Adding a GroupByHaving operator is a good way but this only cover the case that
filter can be pushed down into group by. If a filter can not be pushed down, we
can turn the upsert stream into a retract stream to ensure correctness(or throw
exception and inform user to use {{RetractTableSink}}). What do you think?
> Incorrect results: Filter does not treat Upsert messages correctly.
> -------------------------------------------------------------------
>
> Key: FLINK-9528
> URL: https://issues.apache.org/jira/browse/FLINK-9528
> Project: Flink
> Issue Type: Bug
> Components: Table API & SQL
> Affects Versions: 1.3.3, 1.5.0, 1.4.2
> Reporter: Fabian Hueske
> Assignee: Hequn Cheng
> Priority: Critical
>
> Currently, Filters (i.e., Calcs with predicates) do not distinguish between
> retraction and upsert mode. A Calc looks at record (regardless of its update
> semantics) and either discard it (predicate evaluates to false) or pass it on
> (predicate evaluates to true).
> This works fine for messages with retraction semantics but is not correct for
> upsert messages.
> The following test case (can be pasted into {{TableSinkITCase}}) shows the
> problem:
> {code:java}
> @Test
> def testUpsertsWithFilter(): Unit = {
> val env = StreamExecutionEnvironment.getExecutionEnvironment
> env.getConfig.enableObjectReuse()
> env.setStreamTimeCharacteristic(TimeCharacteristic.EventTime)

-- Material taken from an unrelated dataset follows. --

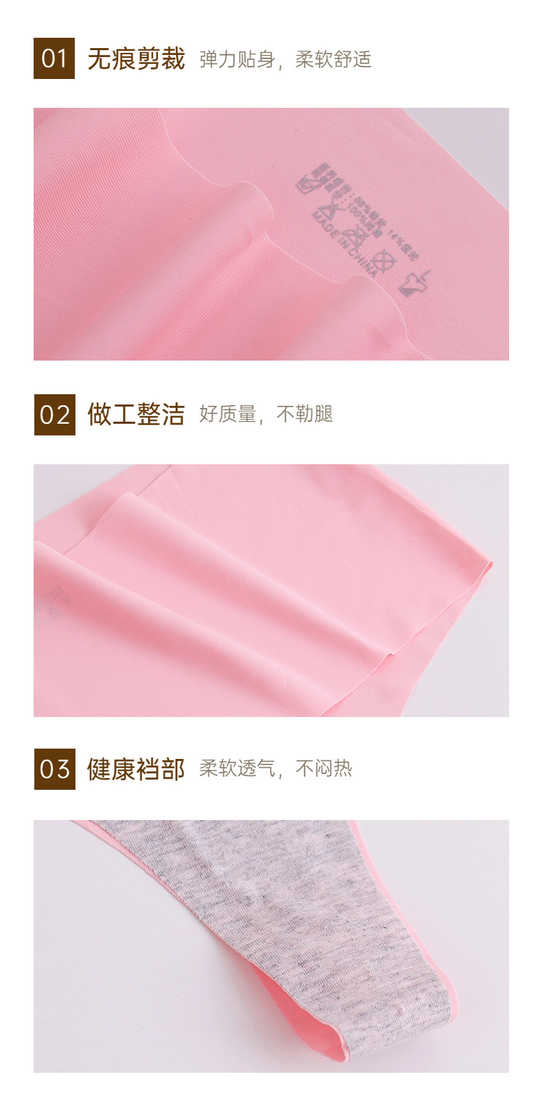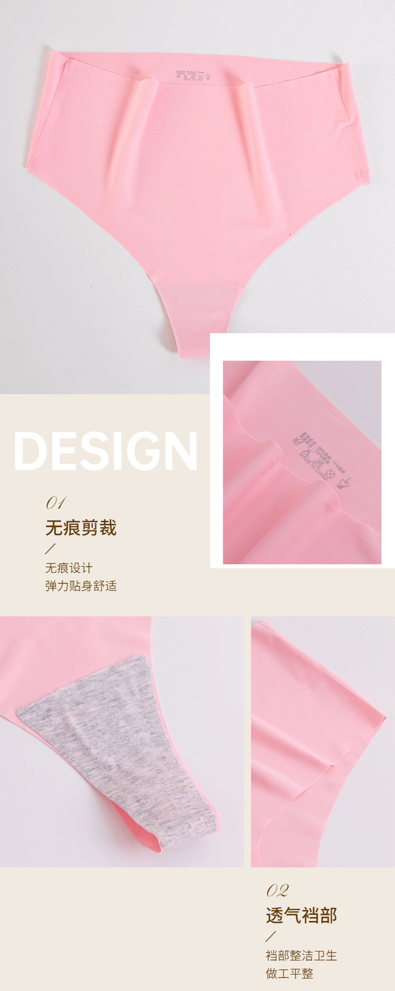 外贸中腰无痕内裤女冰丝丁字裤女士简约运动透气T裤舒适大码裤头

> val tEnv = TableEnvironment.getTableEnvironment(env)
> val t = StreamTestData.get3TupleDataStream(env)
> .assignAscendingTimestamps(_._1.toLong)
> .toTable(tEnv, 'id, 'num, 'text)
> t.select('text.charLength() as 'len)
> .groupBy('len)
> .select('len, 'len.count as 'cnt)
> // .where('cnt < 7)
> .writeToSink(new TestUpsertSink(Array("len"), false))
> env.execute()
> val results = RowCollector.getAndClearValues
> val retracted = RowCollector.upsertResults(results, Array(0)).sorted
> val expectedWithoutFilter = List(
> "2,1", "5,1", "9,9", "10,7", "11,1", "14,1", "25,1").sorted
> val expectedWithFilter = List(
> "2,1", "5,1", "11,1", "14,1", "25,1").sorted
> assertEquals(expectedWithoutFilter, retracted)
> // assertEquals(expectedWithFilter, retracted)
> }
> {code}
> When we add a filter on the aggregation result, we would expect that all rows
> that do not fulfill the condition are removed from the result. However, the
> filter only removes the upsert message such that the previous version remains
> in the result.
> One solution could be to make a filter aware of the update semantics (retract
> or upsert) and convert the upsert message into a delete message if the
> predicate evaluates to false.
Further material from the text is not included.